R : J’ai eu ma première moto à 16 ans, c’était une Honda 125 K5. Mon premier « gros cube » était une Honda CB Four 400 qui avait été préparée par un copain et qui prenait 200km/h compteur… sur route fermée
Celle avec laquelle je me suis fait le plus mal était une Honda GL Silver Wing… la police a mesuré ma glissade : 186,20m. C’était en plein été en 1994. Je rentrais d’une soirée GoldWing et je roulais sur le périph sous la porte de Saint Cloud. La place au-dessus avait été nettoyée et de l’eau s’était écoulée apparemment, et comme il n’avait pas plu depuis des semaines une grande flaque d’eau savonneuse et sablonneuse s’était formée… J’ai glissé jusqu’à la passerelle pour accéder au Parc des Princes, à peu près. J’ai été très sérieusement blessé au niveau de la malléole, j’ai failli perdre mon pied. Mais je n’ai jamais voulu arrêter la moto, j’adore ce sentiment de liberté que tu as en roulant.
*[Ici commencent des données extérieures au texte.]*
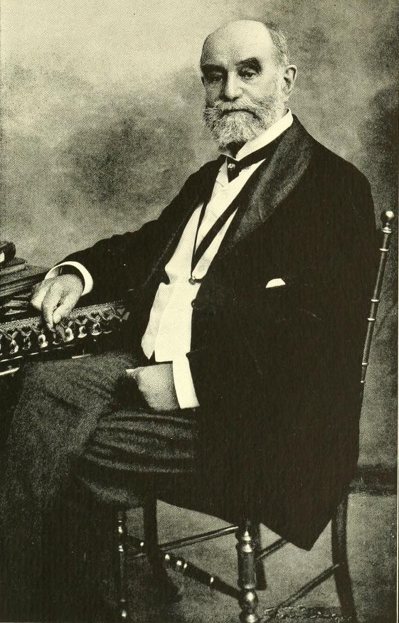 E. W. Blatchford (1826-1915, author and businessman)

Quand tu roules à la campagne tu peux profiter des odeurs, du vent, et tu te sens proche de la nature. Même avec une voiture cabriolet je n’ai jamais retrouvé ces sensations.
J’utilise la BMW pour mes déplacements quotidiens, que ce soit mon véhicule pro ou celle que j’ai rachetée, mais la moto que j’ai gardée c’est la Silver Wing. J’adore cette moto, mais elle est tellement vieille que je n’ai pas envie de l’user donc je la garde au chaud.

Q : Ta route préférée à moto? 
R : J’ai adoré le Ballon d’Alsace, c’est vraiment magnifique!

Q : Un petit conseil pour la route?
R : La route se partage! Il faut constamment anticiper les réactions des autres conducteurs, et rester vigilant.